Recently, WE are doing the separation of microservices, and the final RPC framework is OpenFeign. I thought it would be very simple to use, after all, the online and official demo is very simple to use, just add a few notes. But in the actual landing or encountered a lot of problems, here is the first service up and down the line problem

The problem

After a service is split online, it is often found that other services report these two errors

feign.RetryableException: connect timed out executing GET 
Service connection timeout

Unexpected end of file from server executing GET xxx
Interface XXX is unavailable

Problem orientation

In fact, this problem is relatively easy to locate, because every time this error is reported, it is due to service restart.
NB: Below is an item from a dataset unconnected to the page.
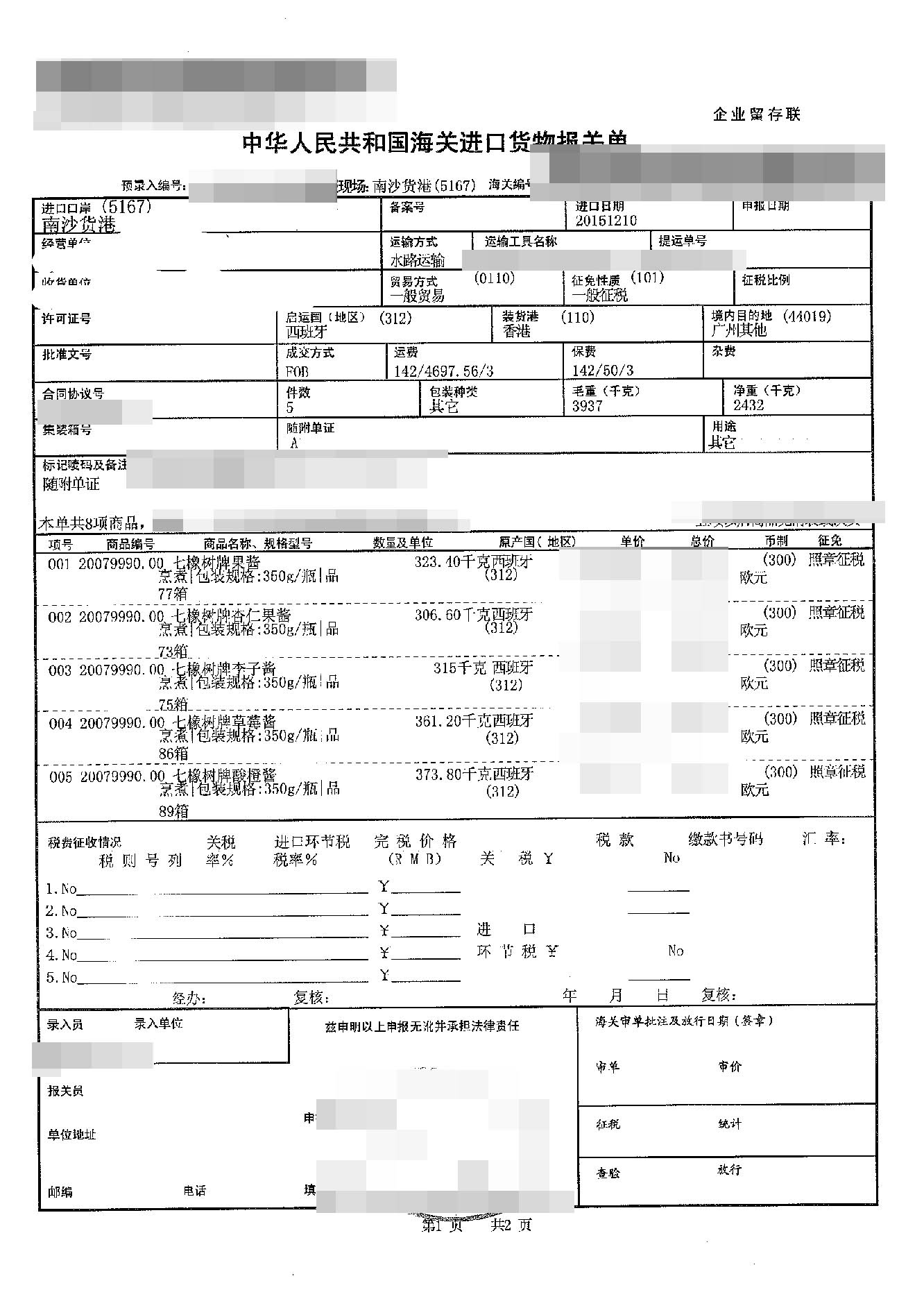 四、果醬進口案例貨物的詳細信息:

For example, if service A restarts, service B will report this error

Interface XXX is unavailable because interface B does not respond when service A calls service B, and service B is killed by kill -9

While feign. RetryableException: connect timed out executing the GET this error is largely due to feign client load balancing, the client will be pulled from the registration center service list address, a local caches. The problem is that the registry is aware of the offline service, but due to the client cache problem, the client still invokes the original offline service, and an error is reported

Problem solving

Unexpected end of file from server executing GET xxx

This problem is easier to solve, we need to solve the service is not directly forced to kill, requiring the service to complete the running request, and then stop. Graceful downtime was added after Spring Boot 2.3.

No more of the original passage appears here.